# YOUR ASSIGNMENT
Output only the lines below from the one containing "光激活发光是指能够通过光照可" to the one containing "USDJPY,H1:美日空头", exactly as written, both ends kept.

# RECORDED DATA
--
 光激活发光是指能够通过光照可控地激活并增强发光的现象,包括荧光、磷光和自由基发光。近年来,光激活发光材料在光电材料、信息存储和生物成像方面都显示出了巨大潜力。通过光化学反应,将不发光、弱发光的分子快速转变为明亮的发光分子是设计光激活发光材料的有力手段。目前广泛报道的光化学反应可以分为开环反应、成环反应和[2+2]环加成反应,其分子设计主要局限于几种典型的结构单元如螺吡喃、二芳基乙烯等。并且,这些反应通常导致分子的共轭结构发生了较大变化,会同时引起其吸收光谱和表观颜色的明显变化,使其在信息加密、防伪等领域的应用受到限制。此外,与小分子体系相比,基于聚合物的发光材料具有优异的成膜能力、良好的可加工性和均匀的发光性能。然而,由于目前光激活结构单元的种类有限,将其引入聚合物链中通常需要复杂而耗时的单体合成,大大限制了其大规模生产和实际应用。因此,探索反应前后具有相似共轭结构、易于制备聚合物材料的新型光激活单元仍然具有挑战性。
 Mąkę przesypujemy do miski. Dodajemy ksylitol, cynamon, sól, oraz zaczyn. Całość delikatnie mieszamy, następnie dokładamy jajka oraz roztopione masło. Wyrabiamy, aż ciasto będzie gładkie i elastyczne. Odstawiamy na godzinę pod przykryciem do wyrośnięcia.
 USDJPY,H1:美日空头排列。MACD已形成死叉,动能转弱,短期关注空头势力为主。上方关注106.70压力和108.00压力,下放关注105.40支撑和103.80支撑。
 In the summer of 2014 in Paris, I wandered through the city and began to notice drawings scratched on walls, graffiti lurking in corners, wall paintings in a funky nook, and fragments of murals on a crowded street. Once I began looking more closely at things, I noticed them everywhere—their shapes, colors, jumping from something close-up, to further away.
--
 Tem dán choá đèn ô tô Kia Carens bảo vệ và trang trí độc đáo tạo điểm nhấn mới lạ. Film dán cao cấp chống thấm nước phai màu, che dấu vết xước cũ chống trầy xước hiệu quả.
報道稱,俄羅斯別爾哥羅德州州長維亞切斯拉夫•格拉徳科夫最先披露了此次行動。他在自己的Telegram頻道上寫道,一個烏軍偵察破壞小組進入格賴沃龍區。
--
# ANSWER TO THIS EXERCISE
 光激活发光是指能够通过光照可控地激活并增强发光的现象,包括荧光、磷光和自由基发光。近年来,光激活发光材料在光电材料、信息存储和生物成像方面都显示出了巨大潜力。通过光化学反应,将不发光、弱发光的分子快速转变为明亮的发光分子是设计光激活发光材料的有力手段。目前广泛报道的光化学反应可以分为开环反应、成环反应和[2+2]环加成反应,其分子设计主要局限于几种典型的结构单元如螺吡喃、二芳基乙烯等。并且,这些反应通常导致分子的共轭结构发生了较大变化,会同时引起其吸收光谱和表观颜色的明显变化,使其在信息加密、防伪等领域的应用受到限制。此外,与小分子体系相比,基于聚合物的发光材料具有优异的成膜能力、良好的可加工性和均匀的发光性能。然而,由于目前光激活结构单元的种类有限,将其引入聚合物链中通常需要复杂而耗时的单体合成,大大限制了其大规模生产和实际应用。因此,探索反应前后具有相似共轭结构、易于制备聚合物材料的新型光激活单元仍然具有挑战性。
 Mąkę przesypujemy do miski. Dodajemy ksylitol, cynamon, sól, oraz zaczyn. Całość delikatnie mieszamy, następnie dokładamy jajka oraz roztopione masło. Wyrabiamy, aż ciasto będzie gładkie i elastyczne. Odstawiamy na godzinę pod przykryciem do wyrośnięcia.
 USDJPY,H1:美日空头排列。MACD已形成死叉,动能转弱,短期关注空头势力为主。上方关注106.70压力和108.00压力,下放关注105.40支撑和103.80支撑。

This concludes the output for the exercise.